The Crazy Gang (l. to r.) Charlie Naughton, Teddy Knox, Bud Flanagan, Jimmy Nervo, Jimmy Gold and Chesney Allen

The Crazy Gang were a group of British entertainers, formed in the early 1930s. In the mature form the group's six men were Bud Flanagan, Chesney Allen, Jimmy Nervo, Teddy Knox, Charlie Naughton and Jimmy Gold. The group achieved considerable domestic popularity and were a favourite of the royal family, especially King George VI.

== Formation ==
Although George Black is often credited with the formation of the Crazy Gang, the start was more complicated. In 1931, three double acts (Nervo and Knox, Naughton and Gold and Billy Caryll and Hilda Mundy) were tentatively booked at the London Palladium. This caused Black to consider cancelling one of the couples. Nervo and Knox had a technique of entering other acts, and Black was persuaded to overcome the difficulty by letting this happen. The show, which was called Crazy Week opened on 30 November 1931. Other Crazy Weeks followed with Flanagan and Allen added. The name Crazy Gang was introduced in a show called The Big Crazy Gang at the London Palladium and on tour in 1933.

== Composition ==
The members of the Crazy Gang were: Bud Flanagan, Chesney Allen, Jimmy Nervo, Teddy Knox, Charlie Naughton and Jimmy Gold and sometimes 'Monsewer' Eddie Gray. Essentially the gang comprised three double acts; Flanagan and Allen, Naughton and Gold, and Nervo and Knox (with some input from Gray). They had all had entertainment success before the Crazy Gang but not of the same magnitude. It was natural for them to get together as they shared a similar style of comedy and worked on the same bills at theatres.

== Career ==
The gang appeared first in their own stage show Crazy Week at the London Palladium, which later became their adopted home. In 1938 they appeared at the Palladium in the hit revue These Foolish Things alongside the Sherman Fisher Girls.

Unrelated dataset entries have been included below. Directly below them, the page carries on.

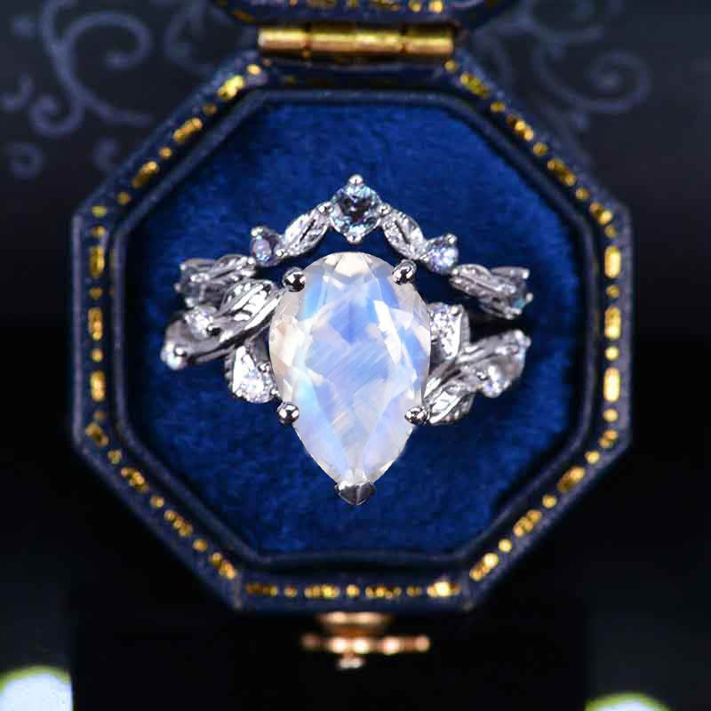 3 Carat Pear Genuine Moonstone Halo Floral Engagement Ring 14K White Gold Ring Set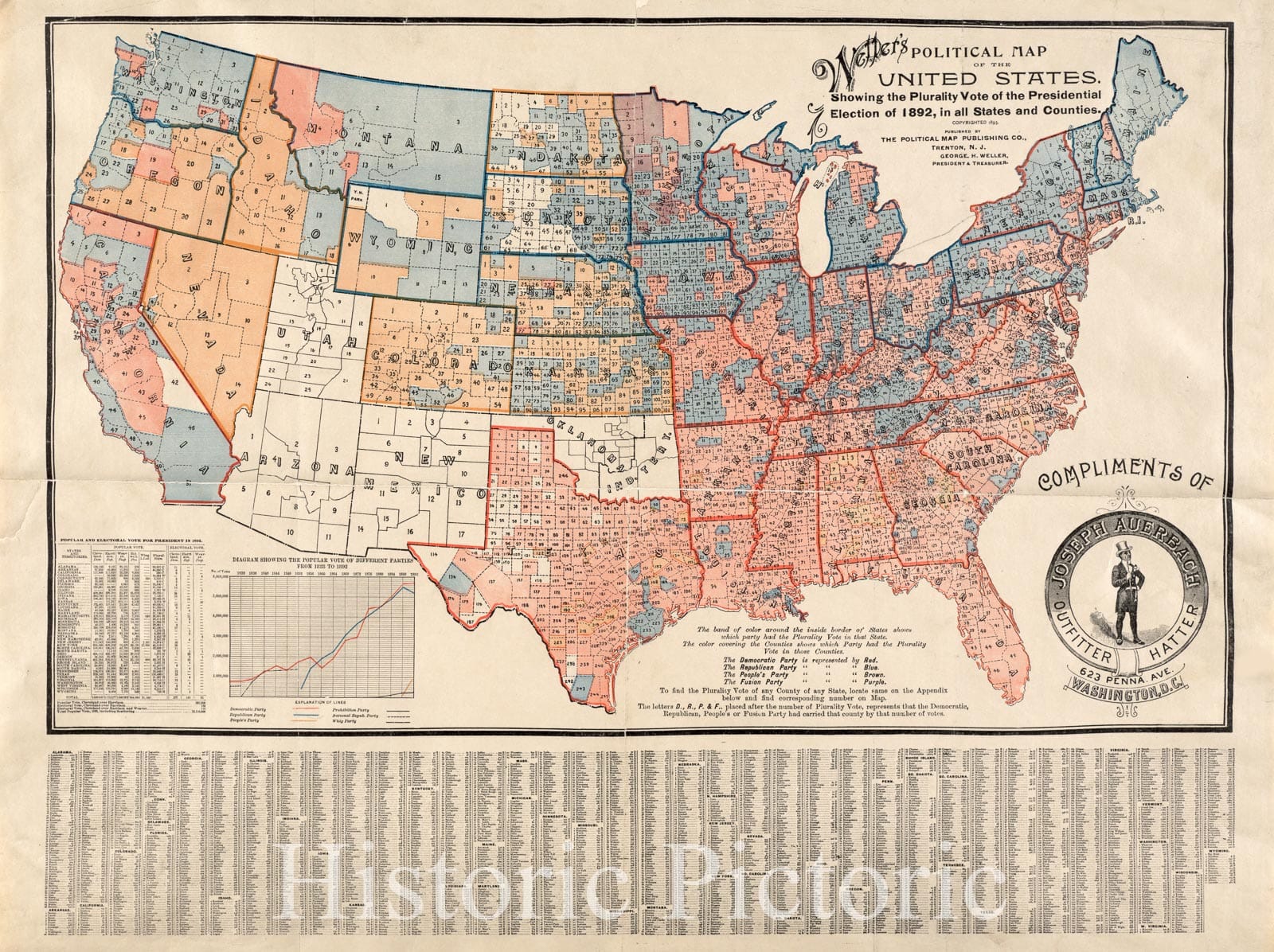 Historical Map, Weller's Political map of The United States : Showing The Plurality Vote of The Presidential Election of 1892, in All States and Counties, Vintage Wall Art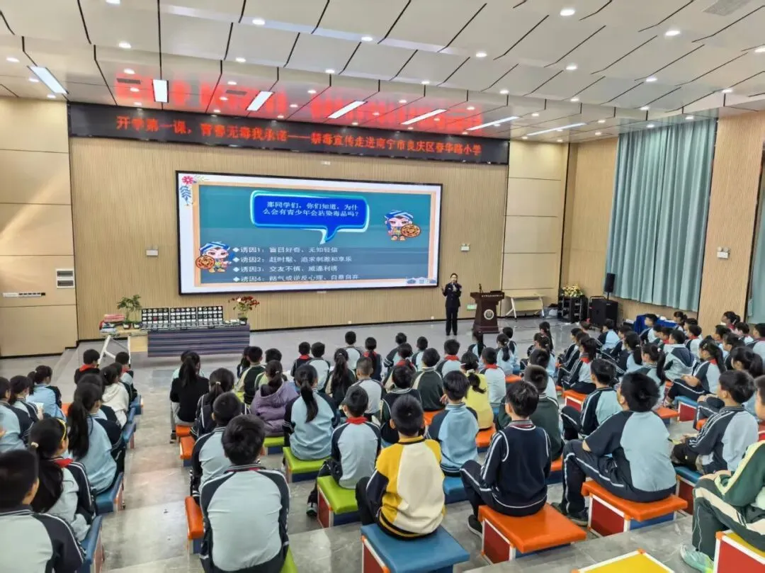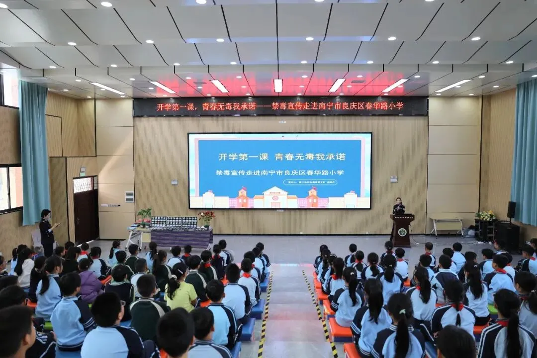 为进一步加强青少年禁毒宣传教育,筑牢校园禁毒安全防线,近日,南宁市禁毒工作办公室走进南宁市良庆区春华路小学,开展了一场生动鲜活的“开学第一课”禁毒宣传活动,引导青少年树立“珍爱生命、远离毒品”的坚定信念。

After being signed by Gainsborough Pictures, they then made several films under Ted Black. The first was O-Kay for Sound (1937), and the best remembered was their war-time film Gasbags (1940). They kept people entertained during the war years with their irreverent comedy style, and Flanagan and Allen's songs also contributed to their success. All their films were directed by Marcel Varnel, the Frenchman who also directed films starring Will Hay, George Formby and others. Moore Marriott, who was a frequent co-star of Will Hay, often turned up in their films. Eddie Gray, their associate and equally crazy comic, appeared in the later Life Is a Circus only.

In Life Is a Circus (1958), starring Shirley Eaton, Flanagan and Allen again performed their biggest hit, "Underneath the Arches". Chesney Allen withdrew from live performances in later years due to ill health, though he outlived all the others. The Gang made a television series, The Gang Show, in 1956. The Gang was understudied by Peter Glaze.

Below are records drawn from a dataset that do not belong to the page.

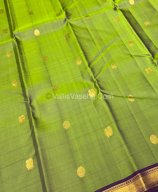 Pure Kanchipuram Silk Saree - Green & Dark Purple Combo - VVPS021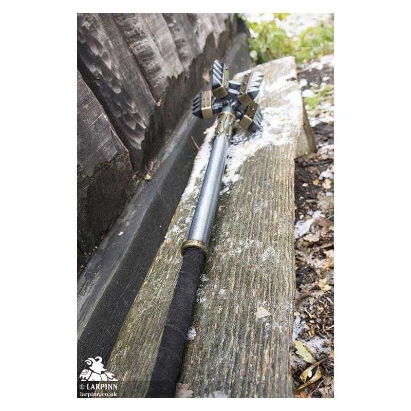 This bestselling Epic Armoury King Mace is an imposing looking weapon designed to fit anyone looking to make an impression. The mace is 110 cm long from point to pommel, with a stubby hexagonal spike on top. It has five reinforced flanges around the head, each 15 cm long and 10 cm tall and tipped with four cruel-looking spikes.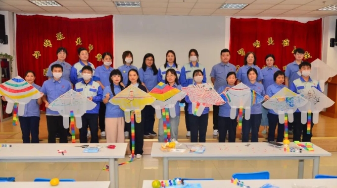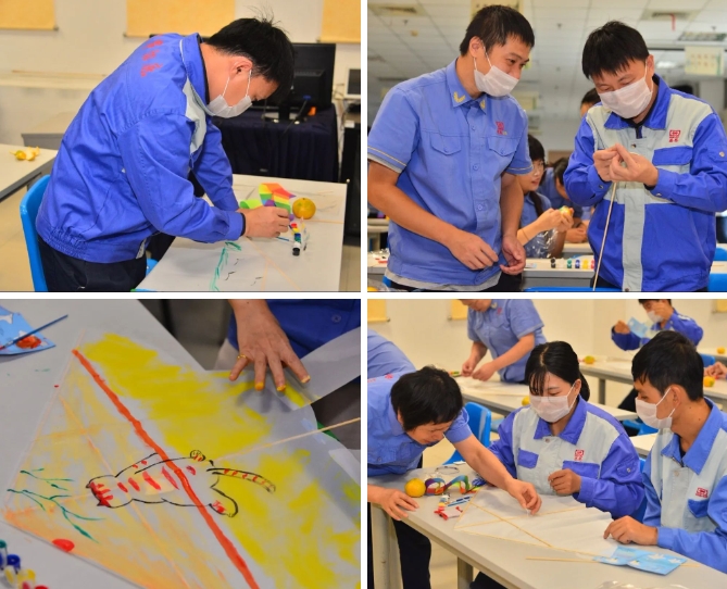 秋分是放风筝的好时候。家人们早早准备好相关材料,大家两两一组,你来剪贴我来画,欢乐的气息在空气中尽情流淌。不多时,一只只图案生动、色彩亮丽的风筝就做好了。
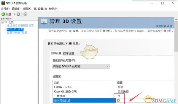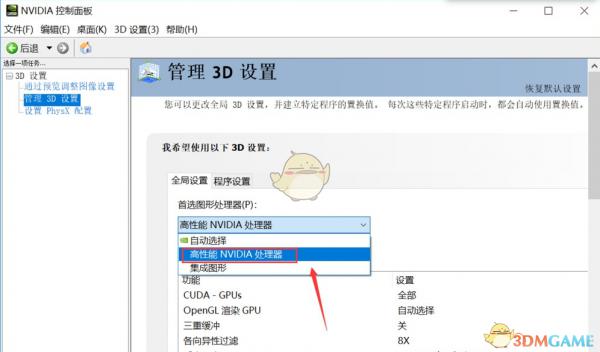 在【全局设置】我们将首选图形处理器选择为NVIDIA高性能图形处理器,如下图所示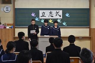 122日(金)に立志式を行いました。2年生7名全員が、それぞれ、「志」を立てこれからの目標や夢を、生徒保護者、1,3年生が見守る中力強く発表することができました。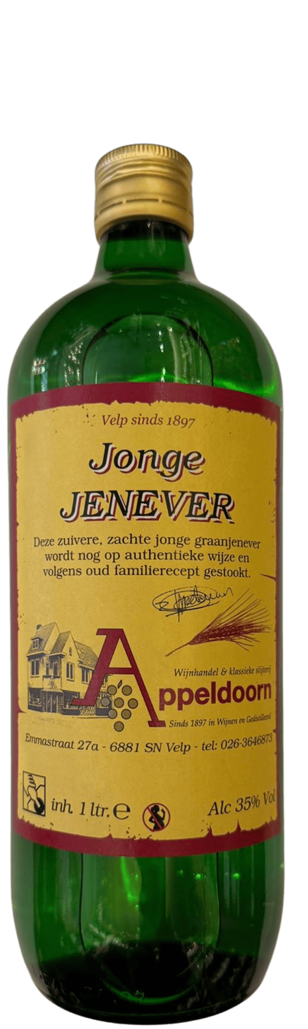 Deze Appeldoorn jonge jenever is samengesteld uit graanalcohol met een kleine hoeveelheid moutwijn om een lichte graantoon te behouden. De distillatie gebeurt in kolomstills voor een neutrale basis. De spirit wordt vervolgens opnieuw gedistilleerd met jeneverbessen en een traditionele kruidenmix die zorgt voor het aromatische profiel. Na distillatie rust de jenever enkele weken in roestvrij staal om de componenten te laten samenvloeien. De focus ligt op een helder karakter en een zachte structuur.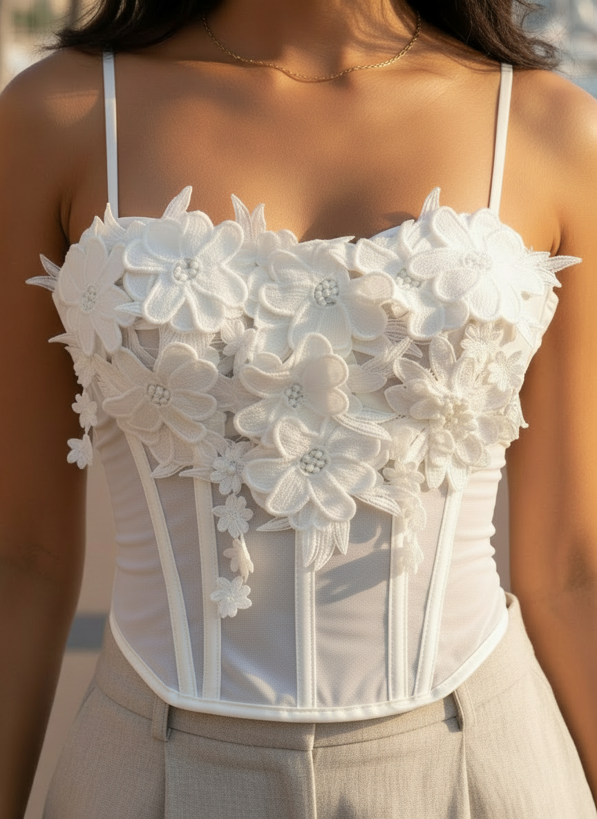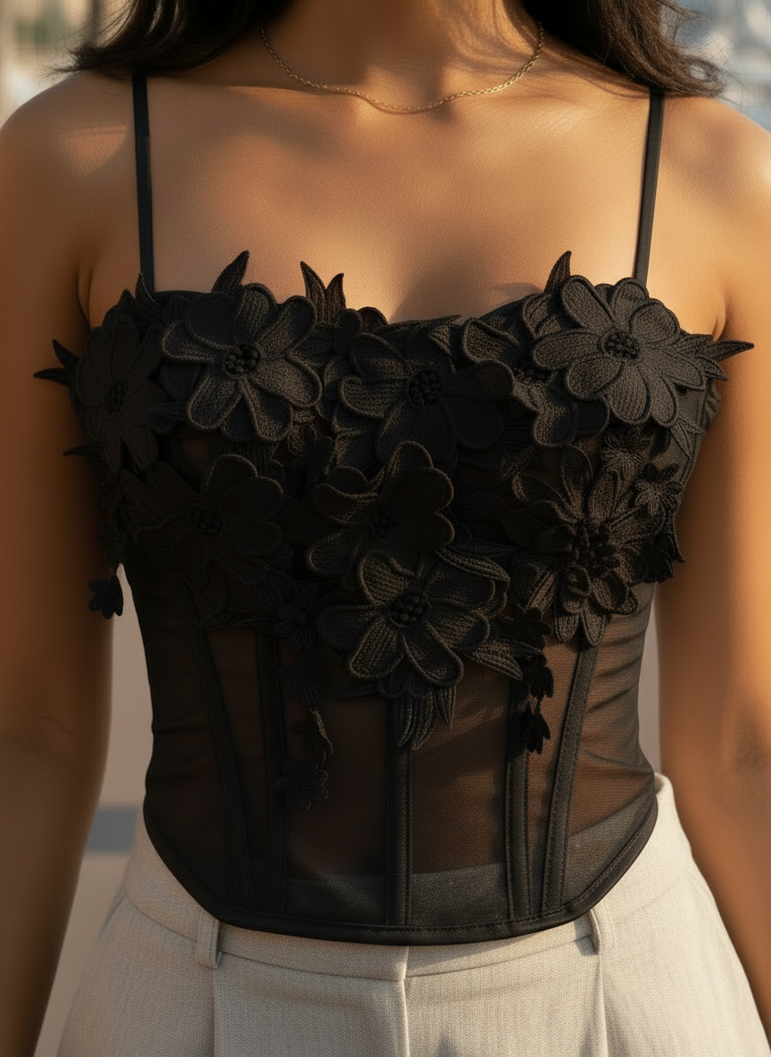 Petal-Scuplt Premium Mesh Corset Top – Floral Appliqué Bustier

Among the other acts who worked with The Crazy Gang was the tall and rotund American percussionist Teddy Brown. His speciality was to perform on the xylophone. He also served as the butt of practical jokes by the Gang; at one performance Flanagan and Allen took to the stage each encased in one leg of Brown's trousers while Brown frantically called from the wings trying to get them back. His relationship to the main members was similar to that of Eddie Gray. Another star who worked with the gang was the actor Stanley Holloway, who often stood in for Bud Flanagan when he took time off for contractual reasons.

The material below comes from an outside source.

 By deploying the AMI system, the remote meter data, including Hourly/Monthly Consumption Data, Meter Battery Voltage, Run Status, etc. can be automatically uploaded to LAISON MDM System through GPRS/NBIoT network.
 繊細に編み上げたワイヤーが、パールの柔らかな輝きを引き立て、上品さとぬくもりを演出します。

The group were asked to do many Royal Command Performances – their last was in 1961 – and they also did private performances for the royal family. Perhaps the best remembered of their gags is when an attractive girl in a grass skirt is followed across stage by Bud Flanagan wheeling a lawnmower.

== Stage shows ==
- Life begins at Oxford Circus – a revue at the London Palladium (1935)
- Round About Regent Street – a revue at the London Palladium (1935)
- All Alight at Oxford Circus – a revue at the London Palladium (1935)
- Okay for Sound – at the London Palladium (1936)
- London Rhapsody – at the London Palladium (1937)
- These Foolish Things – at the London Palladium (1938)
- The Little Dog Laughed – at the London Palladium (1939)
- Together Again – at the Victoria Palace (1947)
- Knights of Madness – at the Victoria Palace (1950)
- Ring out the Bells – at the Victoria Palace (1952)
- Jokers Wild – at the Victoria Palace (1954)
- These Foolish Kings – at the Victoria Palace (1956)
- Clown Jewels – at the Victoria Palace (1959)
- Young in Heart – at the Victoria Palace (1960)

Note:
- Chesney Allen did not regularly perform with the Gang after 1945, with the exception of Royal Variety Performances, and Eddie Gray rejoined the group in 1956.

== Films ==
- O-Kay for Sound (1937)
- Alf's Button Afloat (1938)
- The Frozen Limits (1939)
- Gasbags (1941)
- Life Is a Circus (filmed 1958, released 1960)

==In popular culture==

The 1957 film Hell Drivers features a poster for The Crazy Gang in the cafe scenes.

== Legacy ==
The story and music of the Crazy Gang were featured in the 1981 musical Underneath the Arches, written by Brian Glanville, Patrick Garland and Roy Hudd, first performed at the Chichester Festival Theatre and later at the West End's Prince of Wales Theatre.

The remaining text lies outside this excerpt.